Python Bindings missing on PyPI

Justus Winter 4winter at informatik.uni-hamburg.de
Wed May 22 09:57:18 PDT 2013


Quoting Patrick Gerken (2013-05-22 12:08:30)
> Quoting Justus Winter (2013-05-21 14:54:02)
> > Hi :)
> > 
> > Quoting David Bremner (2013-05-20 16:32:32)
> > > Patrick Gerken <notmuch at patrick-gerken.de> writes:
> > I would not object to that, but David has a point here. If the version
> > you get from pypi is newer than your libnotmuch, you will get errors
> > *at runtime*.
> 
> That is a point I did not consider much, I admit.
> 
> > Also I just looked at http://oswatershed.org/pkg/notmuch and
> > http://oswatershed.org/pkg/python-notmuch . It looks like every
> > distribution that is shipping libnotmuch packages also ships the
> > python bindings. So everyone who got libnotmuch from their
> > distribution can also obtain the appropriate bindings. And everyone
> > who compiled notmuch also has the bindings. I'm just not sure what's
> > to gain here.
> 
> That is only partially true and this is entirely a python problem.
> 
> As a Python Developer I am forced to work in virtualenv, that isolate
> the python running in there from system installed python packages.
> That is necessary, because I cannot install two different versions
> of the same package in python. Something that is essential when
> working on multiple projects.
> 
> I tend to believe that virtualenv is a tool for developers and hosters,
> but not for end users. I'd claim that it is their responsibility
> to ensure the right version of libnotmuch.
> Actually, I i were to deploy a python project with notmuch, I'd certainly
> ensure that my deployment builds libnotmuch from source, something that
> is not uncommon in the Plone world, which sets up projects with zc.buildout.
> 
> I'd love to hack on alot and afew, but I cannot install them safely on my
> machines right now, they run in a little virtual machine just because of it :-(

Wouldn't it be better to install libnotmuch and the wrapper to this
virtualenv so you make sure they match? I haven't used virtualenv, but
searching the web turned up
http://codersbuffet.blogspot.de/2009/09/wxpython-in-virtualenv.html
. He uses a post activate hook to set the LD_LIBRARY_PATH
variable. Maybe there's an even better way to do that now, seeing that
his post is from 2009.

> Based on my claim that pypi installations aren't usually done by end users,
> does that reduce your reservations sufficiently to put the bindings on pypi?

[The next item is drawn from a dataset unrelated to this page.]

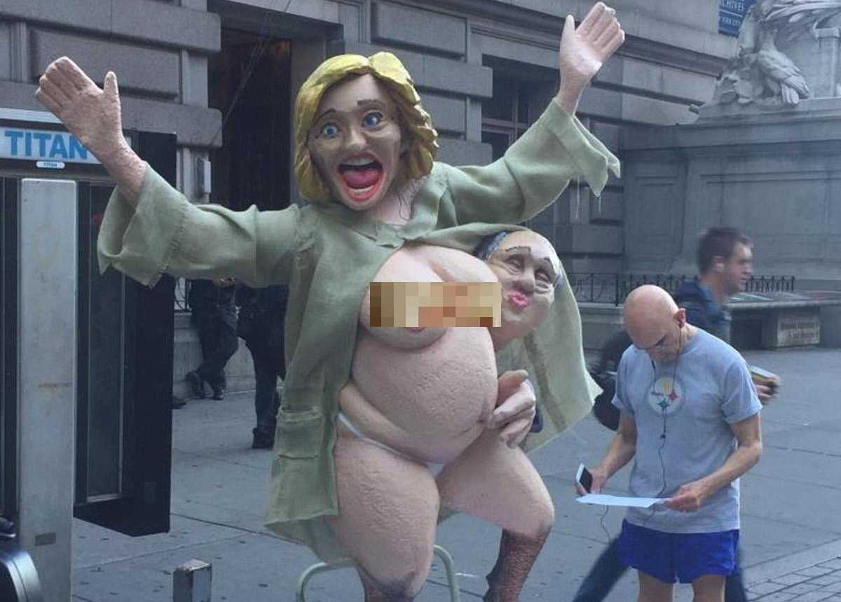 Полуголая Хиллари Клинтон являет собой карикатурное изображение в виде скульптуры кандидата в президенты, выполненное в полный рост. Его создал художник Энтони Скиоли и разместил неподалеку станции метро Боулинг-Грин. Множество людей подходили сфотографироваться к сатирическому образу.

I don't have any reservations about anyone creating and maintaining an
entry on pypi for notmuch. So if having an pypi entry helps you and
potentially others as well, go ahead :)

I'm concerned about potential API issues that won't crop up until
someone runs some code. And someone would have to update and test the
pypi entry, and that someone would have to be someone other than me
since I've never used virtualenv or any method of deploying python
software like pip or easy_install. I tend to install dependencies
manually instead, and most of the time I don't have to do anything
since most python software I use is usually packaged in Debian.